» **Directions**
Below are records; reproduce exactly the lines from the one that has "Light and shadow" through the one that has "встраиваемая, микроволны (соло), объем", ends included, and nothing more.

[Recorded data]
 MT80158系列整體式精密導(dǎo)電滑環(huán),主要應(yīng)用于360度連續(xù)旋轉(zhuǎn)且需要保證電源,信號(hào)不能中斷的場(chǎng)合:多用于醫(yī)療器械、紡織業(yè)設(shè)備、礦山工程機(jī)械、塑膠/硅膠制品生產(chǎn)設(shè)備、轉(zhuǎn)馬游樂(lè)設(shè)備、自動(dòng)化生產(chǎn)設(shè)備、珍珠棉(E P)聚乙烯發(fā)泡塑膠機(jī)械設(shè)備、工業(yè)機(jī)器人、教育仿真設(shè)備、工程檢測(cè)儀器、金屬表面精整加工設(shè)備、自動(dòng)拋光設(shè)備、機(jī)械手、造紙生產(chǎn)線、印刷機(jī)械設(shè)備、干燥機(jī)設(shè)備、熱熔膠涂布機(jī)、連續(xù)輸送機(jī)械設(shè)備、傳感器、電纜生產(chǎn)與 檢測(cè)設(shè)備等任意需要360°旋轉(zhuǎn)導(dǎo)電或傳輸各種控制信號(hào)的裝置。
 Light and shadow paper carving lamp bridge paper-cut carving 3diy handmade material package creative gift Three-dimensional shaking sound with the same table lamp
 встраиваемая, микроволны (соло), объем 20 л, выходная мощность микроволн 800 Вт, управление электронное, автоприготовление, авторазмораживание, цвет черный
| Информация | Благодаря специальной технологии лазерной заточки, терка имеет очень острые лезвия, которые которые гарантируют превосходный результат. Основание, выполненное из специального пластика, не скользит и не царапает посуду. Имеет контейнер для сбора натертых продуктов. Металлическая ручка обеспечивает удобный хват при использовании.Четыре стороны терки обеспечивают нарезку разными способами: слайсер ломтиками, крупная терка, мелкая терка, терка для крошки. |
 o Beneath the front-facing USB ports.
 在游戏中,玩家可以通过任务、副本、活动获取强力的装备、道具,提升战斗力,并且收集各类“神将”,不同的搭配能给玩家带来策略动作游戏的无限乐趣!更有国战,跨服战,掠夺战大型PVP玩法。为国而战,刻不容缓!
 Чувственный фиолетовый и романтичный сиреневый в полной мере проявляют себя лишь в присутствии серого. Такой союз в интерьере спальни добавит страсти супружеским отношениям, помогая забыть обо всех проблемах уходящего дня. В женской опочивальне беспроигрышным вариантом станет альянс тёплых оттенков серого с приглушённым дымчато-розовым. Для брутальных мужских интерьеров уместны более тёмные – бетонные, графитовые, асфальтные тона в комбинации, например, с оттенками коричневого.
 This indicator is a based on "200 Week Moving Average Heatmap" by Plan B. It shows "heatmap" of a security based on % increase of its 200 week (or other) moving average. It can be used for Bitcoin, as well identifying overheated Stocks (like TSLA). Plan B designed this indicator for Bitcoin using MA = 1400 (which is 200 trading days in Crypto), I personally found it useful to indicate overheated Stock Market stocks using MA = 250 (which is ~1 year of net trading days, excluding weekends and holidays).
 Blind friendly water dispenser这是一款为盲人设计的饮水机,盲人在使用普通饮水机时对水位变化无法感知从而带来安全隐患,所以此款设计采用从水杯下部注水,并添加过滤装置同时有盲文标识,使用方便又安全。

» **Written answer**
 Light and shadow paper carving lamp bridge paper-cut carving 3diy handmade material package creative gift Three-dimensional shaking sound with the same table lamp
 встраиваемая, микроволны (соло), объем 20 л, выходная мощность микроволн 800 Вт, управление электронное, автоприготовление, авторазмораживание, цвет черный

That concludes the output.